* _Dataset excerpt_:
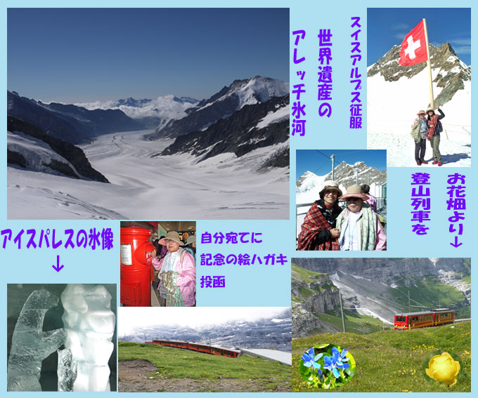 【12日=第二日目】 登山列車でスイスアルプス3大名峰へ。
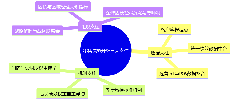 用一张简单的思维导图,概括零售绩效体系升级所依托的三大支柱:
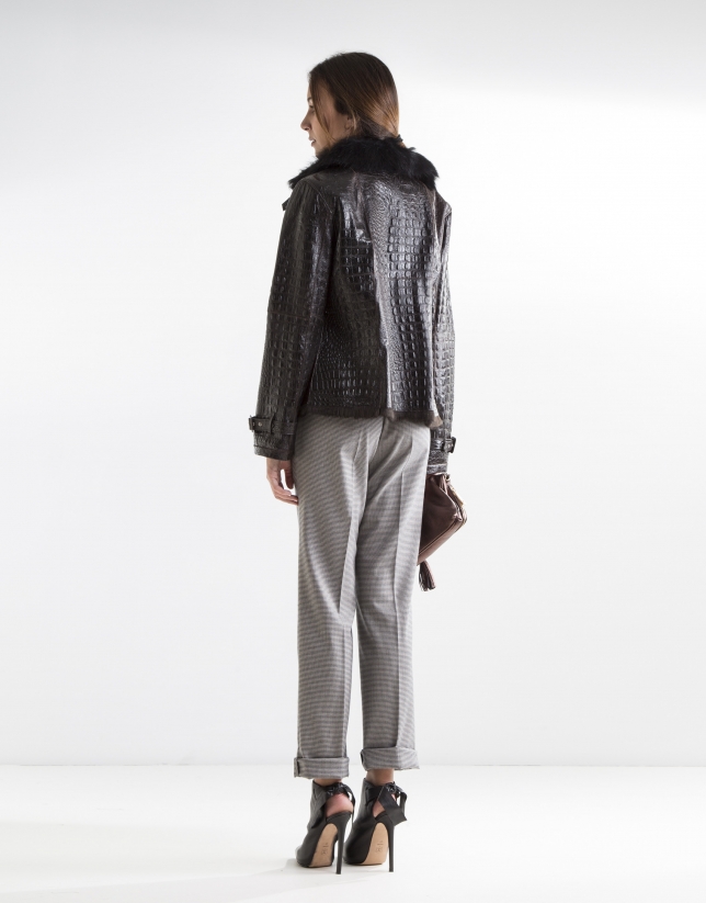 Cazadora de mujer en conejo grabado coco marrón oscuro. Interior de pelo, cuello pelo cordero toscana, dos bolsillos laterales y cierre con cremallera.

* _What is expected_: The data must be printed exactly, image-free.

* _Answer to this exercise_:
 【12日=第二日目】 登山列車でスイスアルプス3大名峰へ。
 用一张简单的思维导图,概括零售绩效体系升级所依托的三大支柱:
 Cazadora de mujer en conejo grabado coco marrón oscuro. Interior de pelo, cuello pelo cordero toscana, dos bolsillos laterales y cierre con cremallera.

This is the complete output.